Enfim, o Mesa Branca ia todos os dias, assim que o comércio começava a abrir , por volta das 16h, depois da sesta do meio dia, no único orelhão da cidade, que ficava na esquina da praça, bem em frente ao fórum. Ninguém estranhava o tanto que ele ia, em uma cidade que simplesmente as pessoas não faziam ligações. Os recados eram passados de boca em boca, levados pelo pilotos das rabetas e dos “pô-pô-pôs” que transitavam nos rios, furos e igarapés. 

E ninguém estranhava, também, o fato de que o orelhão, há muito tempo não funcionava. Simplesmente não havia sinal. Mesmo assim, o Mesa Branca ia todos os dias até o orelhão, colocava uma ficha que achou no trapiche, certamente perdida por algum passageiro visitante da ilha, e, desde então, diariamente, ia com sua ficha, colocava no orelhão, discava alguns números, e começava a falar. Depois, quando terminava, colocava o fone no gancho e sua ficha era devolvida. 

Já havia acontecido um episódio havia alguns meses, antes mesmo de eu chegar na cidade, em que o Mesa Branca foi até o orelhão e, quando desligou, estava pálido. Mudo. E mudo ficou, desde então. 

O Mesa Branca, tinha uma companheira, a Pipoca! Doce! Deixa eu contar rapidinho a história das Pipocas. A Pipoca ganhou esse apelido na adolescência, porque não parava quieta, e parecia que andava sempre saltitante. Daí, virou Pipoca muito fácil. Mas por pura coincidência, há uma outra morena, perecidíssima com a Pipoca, e, muitas vezes, as pessoas as confundiam, chamando ambas de Pipoca. Dizem na cidade, que são gêmeas de mães diferentes, e todos acreditam que ambas são filhas do mesmo pai, mas isso não se sabe, porque as duas mães juram que as meninas são filhas do boto. Daí que o Mariposa, que um dia estava cobrando de uma Pipoca a conta que a outra  Pipoca havia feito na sua loja, anotou no caderninho da conta, que uma era Pipoca Doce e a outra, Pipoca Salgada. Quando estão sozinhas, as pessoas chamam simplesmente Pipoca, mas quando se encontram, ou quando o assunto é sério e precisam ter certeza, chamam sempre acompanhada do sabor.
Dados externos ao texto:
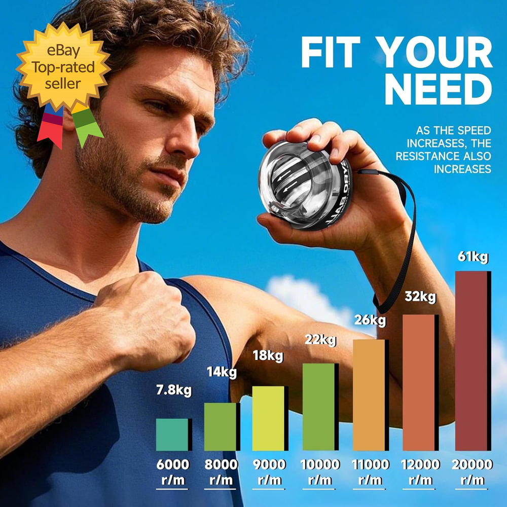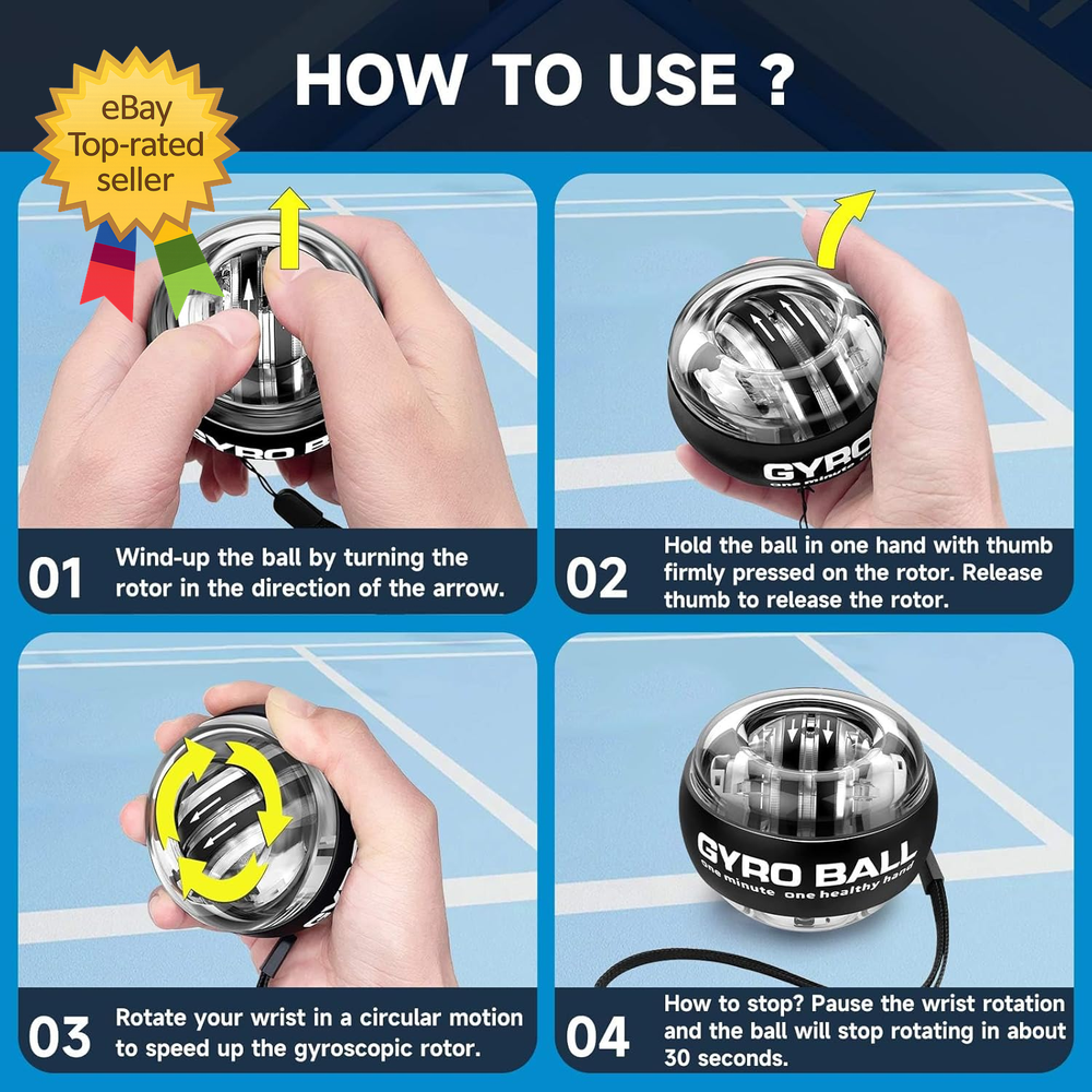 Store New Arrivals Add to Favorite View Feedback Contact Torque Ball Hand Exerciser Grip Strength Trainer Forearm Strengthener Wrist Power Description Unit Count 1.0 Count Style Safety Number of Items 1 Color Black Material Plastic or Metal Package Weight 0.33 Kilograms Item Weight 150 Grams Construction Type Plastic Item Dimensions LxWxH 2.1 x 2.7 x 0.04 inches Sport Exercise & Fitness Item Package Dimensions L x W x H 3.78 x 3.5 x 3.11 inches 【PRODUCT CONTAINS】Wrist gyro ball, brand card, ball sleeve, safety rope, gift box. 【GOOD FOR HEALTH】Using wrist gyro balls for exercise can alleviate problems such as wrist soreness and finger stiffness caused by prolonged fixed hand movements, and can also promote blood circulation. An interesting palm wrist gyro ball that can be used as a stress relieving toy, played at any time, and can also exercise arm muscles. 【EASY TO USE】Newly upgraded products that automatically starts without the need for a rope, making it easy to use. Simply rotate the core ball to start. 【BATTERY FREE DESIGN】Precision mechanical design, no battery required to provide power. The interaction between the rotation of the wrist and the internal ball core generates centrifugal force, which can maintain high-speed rotation. The faster the speed, the greater the force generated. ABOUT US We offer the best prices around on high quality products. Our E-store includes media such as books, movies, music and games while offering electronics, toys, sporting apparel, clothing, tools, general home, garden items and more. SHIPPING We are always working hard to ensure your package arrives as soon as possible. Please understand that some factors like weather, high postal traffic, and the performance of shipping companies are outside of our control. We offer free shipping to the lower 48 states and ship within 2 business days of payment, usually sooner. We do not accept P.O. Boxes. Please provide a physical address. For shipping outside of the continental USA, we only use eBay's Global Shipping Program.The item is shipped to KY and then sent to the rest of the world. International customers are responsible for all duties and taxes. Continue to check out in order to calculate costs for shipping the item to your country. Messages regarding eBay's Global Shipping Program MUST be directed at eBay EXCLUSIVELY. RETURNS We offer a 30-Day Return Policy on items which you are not completely satisfied with. You have the option for a full-refund or an exchange of the item. No returns are available on items shipped outside of the USA. PAYMENT We accept PayPal. CONTACT US This page content is yet to come Please ad us to your favorite seller and visit again later Thank You CUSTOMER SATISFACTION We try our very best to make sure every customer is completely satisfied. If there's a problem, message us! We're happy to help.

Pois aconteceu há tempos, que o Mesa Branca chegou do orelhão, olhando feio para a Pipoca (Doce), estava pálido, sentou sério, quieto, e quieto e sério ficou desde então. Não houve o que o fizesse falar. No açougue do Retalho, o Mesa Branca jogava quieto o bilhar. Na missa, não respondia mais com o coro. Em casa, nem para dar ralho nos moleques, se ouvia o Mesa Branca. Até o Goela, que jogava bola no mesmo time, não conseguiu fazer o Mesa Branca sorrir ou falar qualquer coisa. Ele se enclausurou em uma rotina de silêncio e seriedade. Por mais que a Pipoca perguntasse ou estimulasse o Mesa a falar, a reagir, nada! Ele ficava quieto, sério. Ninguém soube o que houve, ou o que o Mesa Branca teria ouvido na sua “ligação".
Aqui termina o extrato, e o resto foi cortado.